The last big name target would be former Jacksonville Jaguar Maurice Jones-Drew. According to Ryan O'Halloran of the Florida Times-Union, he is seeking $3.5 million per year. While the Patriots aren't likely to pay that much for a player just shy of 30 years old, they could certainly kick the tires and see what he has left to offer.
Draft Needs and Targets
Free agency isn't the only grocery store in town. The 2014 NFL draft is just around the corner—May 8 through May 10—where NFL teams can pick up cheap, young options to fill in the cracks of their roster. Expect the Patriots to prioritize four positions in the draft.
"Y" Tight End
New England needs insurance in case Rob Gronkowski isn't able to start the season due to his knee surgery, and Michael Hoomanawanui—while a solid player—isn't going to trouble opposing defensive coordinators.
Who would you pick at "Y" tight end?
On Day 2 of the draft, there are three main prospects to read up on. Look for Notre Dame tight end Troy Niklas, Iowa tight end C.J. Fiedorowicz and Washington tight end Austin Seferian-Jenkins to get long looks from New England.
"Move" Tight End
The Patriots haven't had a true "move" tight end since Aaron Hernandez was incarcerated. People with his sort of skill set just don't come around very often.
In the 2014 NFL draft, North Carolina tight end Eric Ebron has the most talent but will probably be off the board before he enters the territory where New England could trade up for him. Texas Tech prospect Jace Amaro—not a true "move" or "Y" tight end—has some desirable traits—size, mainly—but has had some concerning injury and off-the-field issues during college.
Perhaps the best fit for New England would be former Oregon tight end Colt Lyerla. His troubles are well-documented, but if Bill Belichick feels like gambling a late-round pick, Lyerla has the talent to be an NFL superstar.
If Lyerla is deemed too much of a risk, the Patriots could look at Marshall FB/TE Gator Hoskins as a different sort of option for their offense. Hoskins is a decent blocker—better than Hernandez—and has a knack for scoring touchdowns.
The lingering uncertainty surrounding Vince Wilfork may prompt New England to invest in a defensive tackle sooner rather than later. In Round 1, Notre Dame nose tackle Louis Nix III is the premier option. While he isn't a dynamic pass-rusher, Nix holds his own against double teams and is a sure tackler.
After Day 1 of the 2014 NFL draft, things are a little sparse. Princeton defensive tackle Caraun Reid, Louisiana Tech defensive tackle Justin Ellis and Arkansas State defensive tackle Ryan Carrethers are all options for late Day 2 or early Day 3.
Interior Offensive Line
If New England doesn't re-sign center Ryan Wendell, adding an interior lineman to provide depth and competition for Dan Connolly and Marcus Cannon would be a prudent course of action. Ideally, a prospect would be added who can play multiple positions.
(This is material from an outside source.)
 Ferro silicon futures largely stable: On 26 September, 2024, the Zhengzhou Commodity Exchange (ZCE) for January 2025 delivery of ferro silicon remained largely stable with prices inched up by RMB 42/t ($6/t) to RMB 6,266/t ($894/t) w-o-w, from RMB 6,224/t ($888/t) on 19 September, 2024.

If the Patriots elect to make this a priority, UCLA lineman Xavier Su'a-Filo and Notre Dame lineman Zack Martin are the two options most likely to be around at the end of Round 1. Su'a-Filo projects as a mobile guard or center, while Martin can play either tackle or guard.
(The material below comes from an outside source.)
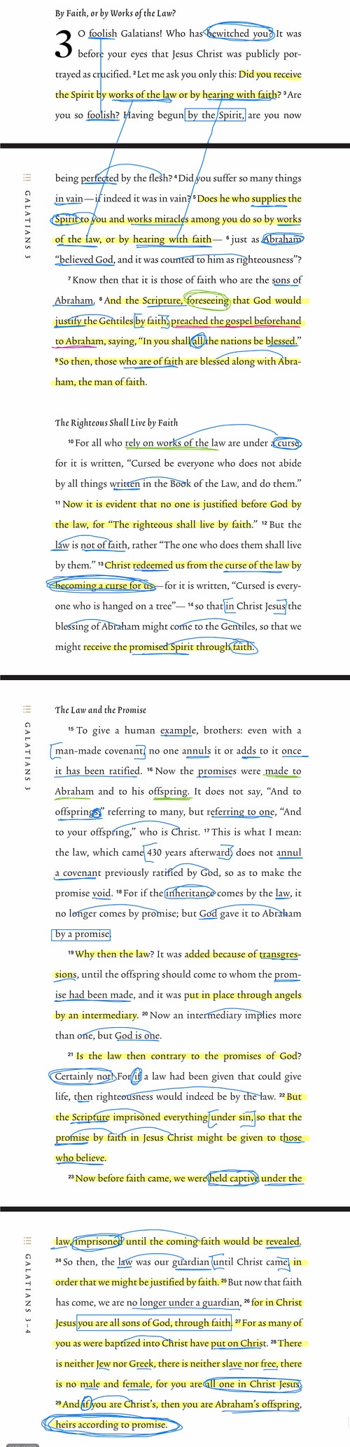 Paul argues that viewing obedience to the Mosaic law as a means to receive blessings is a futile endeavor. Although it may seem feasible to adhere to God's law (Deut. 30:11–14), no one has ever fully obeyed it. Thus, apart from God's saving mercy, everyone remains under the curse of the law. God's original intention was not for people to obtain life through the law. In support of this, Paul quotes Habakkuk 2:4 to emphasize that Scripture teaches that those who are justified by faith will truly live.

On Day 2, true centers Marcus Martin and Weston Richburg, from USC and Colorado State respectively, will likely pique the interest of new offensive line coach Dave DeGuglielmo.
Iowa guard Conor Boffeli would provide some depth as a late-round pick. He doesn't have all the physical tools to be an NFL starter, but his background with Kirk and Brian Ferentz at Iowa would allow him to contribute as a rookie.